DATA SUPPLIED:
# # # # #
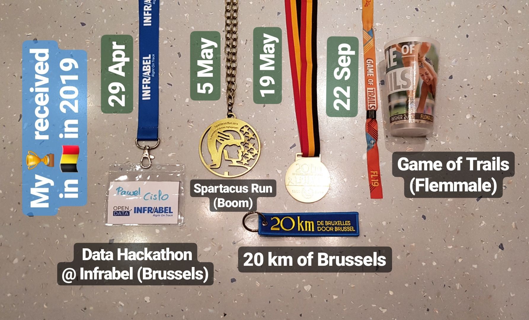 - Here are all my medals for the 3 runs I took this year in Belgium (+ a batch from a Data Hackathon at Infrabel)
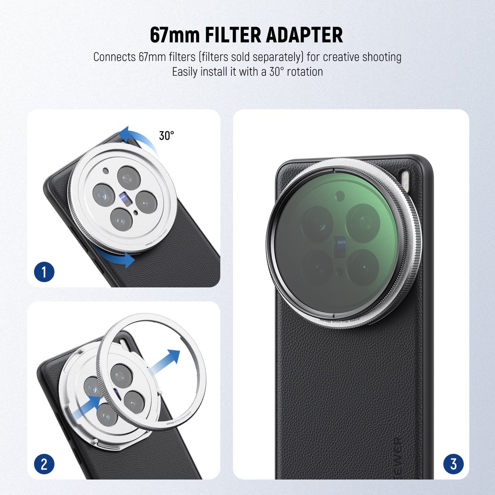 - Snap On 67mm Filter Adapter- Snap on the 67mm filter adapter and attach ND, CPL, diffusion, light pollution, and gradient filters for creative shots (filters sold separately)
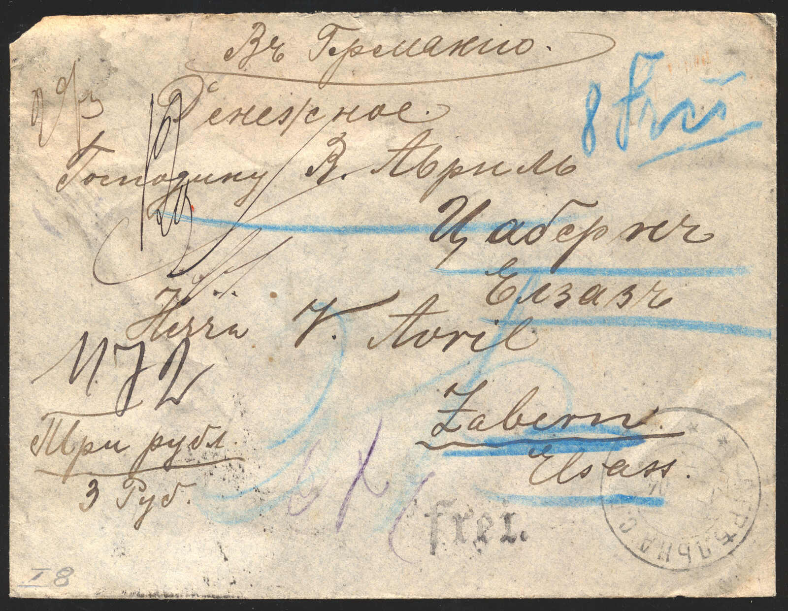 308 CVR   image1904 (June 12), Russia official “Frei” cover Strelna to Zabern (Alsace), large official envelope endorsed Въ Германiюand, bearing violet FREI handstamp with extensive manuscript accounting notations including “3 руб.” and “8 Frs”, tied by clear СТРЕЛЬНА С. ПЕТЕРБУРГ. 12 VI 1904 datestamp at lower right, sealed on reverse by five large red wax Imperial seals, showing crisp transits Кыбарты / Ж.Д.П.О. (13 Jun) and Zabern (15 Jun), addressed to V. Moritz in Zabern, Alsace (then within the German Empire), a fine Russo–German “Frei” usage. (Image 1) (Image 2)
# # # # #
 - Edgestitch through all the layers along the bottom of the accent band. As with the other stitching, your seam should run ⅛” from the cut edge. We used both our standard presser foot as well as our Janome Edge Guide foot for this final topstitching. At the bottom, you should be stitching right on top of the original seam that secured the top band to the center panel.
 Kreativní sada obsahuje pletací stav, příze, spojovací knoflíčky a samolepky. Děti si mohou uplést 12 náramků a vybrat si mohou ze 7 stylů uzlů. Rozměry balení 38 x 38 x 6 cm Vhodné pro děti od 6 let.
# # # # #
TASK TO CARRY OUT: Copy out exactly the lines above beginning with the line that contains "- Here are all" and finishing with the line that contains "308 CVR   image1904", including both; leave the pictures out.

SOLUTION TO THIS PROBLEM:
 - Here are all my medals for the 3 runs I took this year in Belgium (+ a batch from a Data Hackathon at Infrabel)
 - Snap On 67mm Filter Adapter- Snap on the 67mm filter adapter and attach ND, CPL, diffusion, light pollution, and gradient filters for creative shots (filters sold separately)
 308 CVR   image1904 (June 12), Russia official “Frei” cover Strelna to Zabern (Alsace), large official envelope endorsed Въ Германiюand, bearing violet FREI handstamp with extensive manuscript accounting notations including “3 руб.” and “8 Frs”, tied by clear СТРЕЛЬНА С. ПЕТЕРБУРГ. 12 VI 1904 datestamp at lower right, sealed on reverse by five large red wax Imperial seals, showing crisp transits Кыбарты / Ж.Д.П.О. (13 Jun) and Zabern (15 Jun), addressed to V. Moritz in Zabern, Alsace (then within the German Empire), a fine Russo–German “Frei” usage. (Image 1) (Image 2)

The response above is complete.